The new movie Wolf is like that acting exercise turned into a feature length film, with all of the excitement of an outsider watching the actors go through the motions. As the film begins, Jacob (George MacKay) is being taken to a facility for kids and teenagers with Species Identity Disorder, i.e. people who believe they are animals.
There Jacob meets fellow patients like Wildcat (Lily-Rose Depp), who seems to have free rein in the facility; German Shepherd (Fionn O’Shea), who shares Jacob's canine affinity; and Parrott (Lola Petticrew), who is for some reason allowed to dress up as her animal. The person overseeing the facility is The Zookeeper (Paddy Considine), who puts on a publicly nice persona when parents visit, but often turns sadistic when alone with the patients.
Written and directed by Natalie Biancheri, the film will test the patience of all but the most ardent art film enthusiasts. That’s because even though we spend a lot of time with the patients and staff of the facility, nothing actually seems to happen. Mostly what’s shown is the day-to-day life of the group, which involves some combination of group therapy, patients allowed to go wild, or the staff indulging in merciless treatment of the patients.
What never becomes clear is the point of it all. On a surface level, how the patients are treated makes no sense. There seems to be no real attempt at rehabilitating any of them, and various patients are allowed to do wildly different things. Of course, since it’s an art film, there may be a metaphor in the story somewhere, but it’s hidden among the histrionics.
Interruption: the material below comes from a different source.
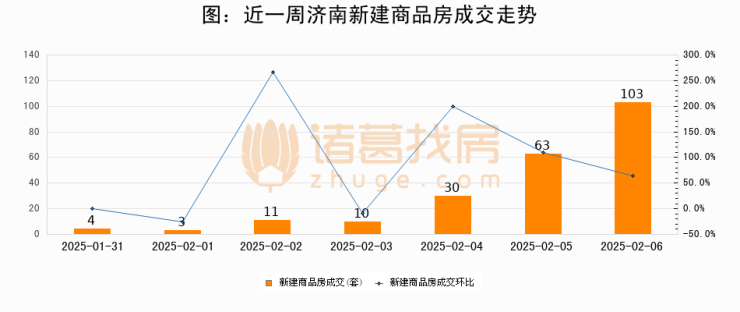 根据济南市住房和城乡建设局数据显示,2025年02月06日济南新建商品房成交103套,较昨日增加40套,环比上涨63.5%

The best that can be said for the film is that each of actors commits to their roles completely. MacKay, who wowed in 1917, goes all out in his wolf-trapped-in-a-human role, and so even though the part makes no sense, you can’t fault his performance. In Depp’s short-lived career, she’s only played inscrutable characters, perhaps drawing inspiration from her father, Johnny Depp.
Wolf is a film that’s only for a certain type of moviegoer, and even those people may be confused by anything that happens. The film is a bear to watch and you’d have to be wise as an owl to get anything meaningful out of it.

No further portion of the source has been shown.